Arnold kembali memacu mobilnya menuju ke pembangkit listrik Distrik 8. Ia pergi ke sana dengan harapan dirinya masih bisa menemui Victor. Jika tidak, maka ia harus pergi ke Distrik 10 menuju ke apartemen sahabatnya itu. Itu hanya akan membuang-buang waktu. Sedangkan ini sudah hampir tengah hari, acara pembukaan akan segera dimulai nanti malam. Sebenarnya, yang dibutuhkan Arnold adalah teman untuk mencari informasi. Terlalu beresiko untuk menyusup ke pesta nanti malam tanpa adanya bantuan sama sekali dari seorang teman. Lagipula, ia tak mau identitasnya diketahui banyak orang di Distrik 8. Ia memiliki citra buruk di hadapan semua penduduk di sana karena batu bara hasil pertambangannya.

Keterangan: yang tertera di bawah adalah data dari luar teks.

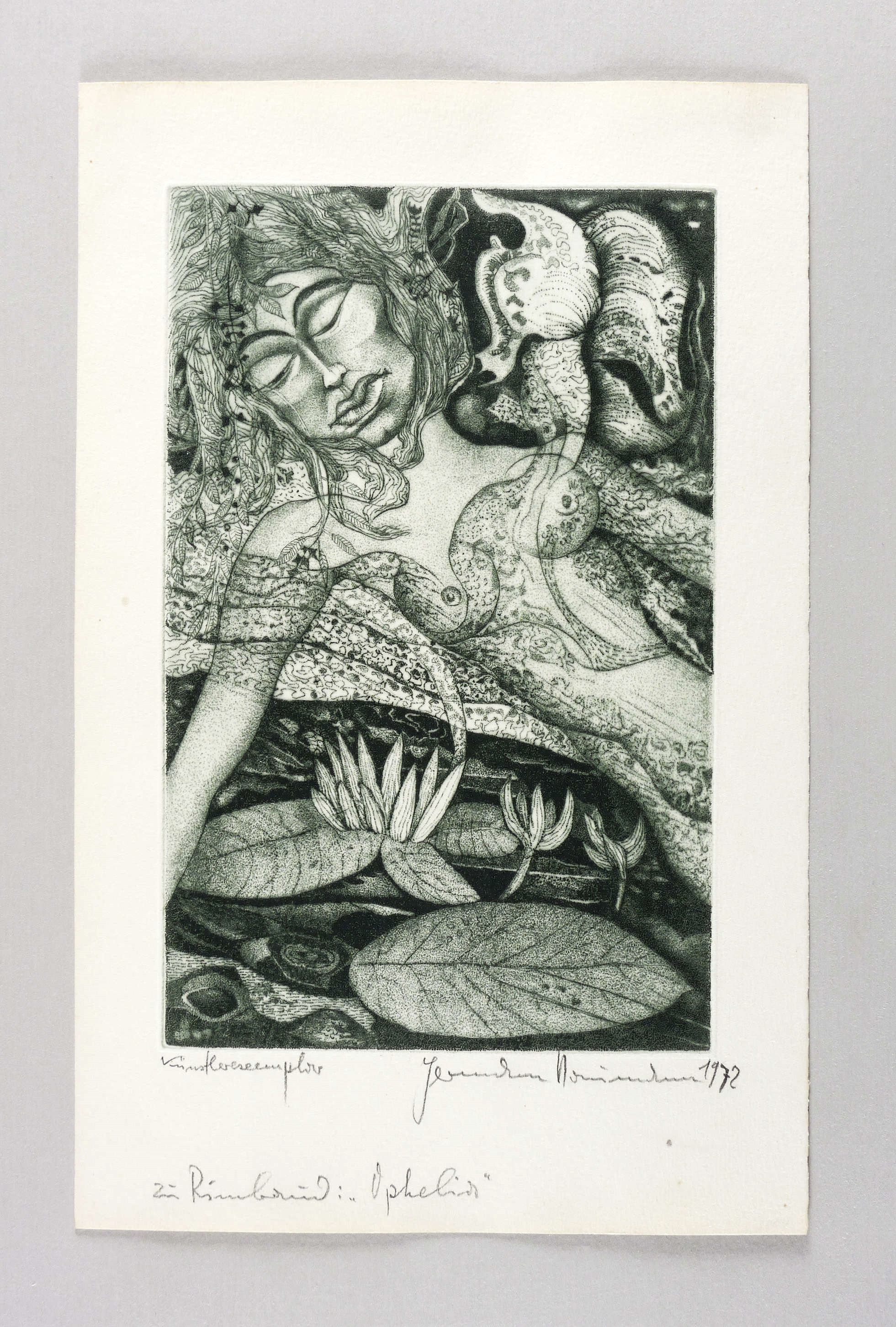 Aus: Hermann Naumann, Arthur Rimbaud. Gedichte (Leipzig: Philipp Reclam jun. 1976). – Rechts unten in Bleistift signiert und datiert: ″Hermann Naumann 1972″. Links Auflagenbezeichnung. In der linken unteren Blattecke bezeichnet: ″zu Rimbaud: Ophelia″. – Im unteren Rand zwei kleine unscheinbare Fleckchen. Insgesamt guter Zustand.

Ketika mobilnya melewati gerbang depan, semua orang mengenali wajahnya. Dengan sigap para petugas jaga mengangkat portal dan membuka gerbang serta membiarkannya masuk. Ia pun segera memarkirkan kendaraannya di tempat parkir. Sebelum memasuki gedung, ia berniat untuk kembali menghubungi Victor, berharap pria itu masih di sini dan bisa ia temui. Ternyata, ada notifikasi panggilan tak terjawab di ponselnya, itu dari Victor. Arnold segera menelponnya balik.
"Victor, kau di mana?"
"Aku sedang di pembangkit listrik. Aku baru saja mengikuti pertemuan para pemegang saham di sini. Maaf jika aku tidak mengangkat telfonmu pagi tadi."
"Tidak masalah. Tapi, kau masih di sini, kan?"
"Di sini? Memangnya kau sedang di pembangkit listrik?"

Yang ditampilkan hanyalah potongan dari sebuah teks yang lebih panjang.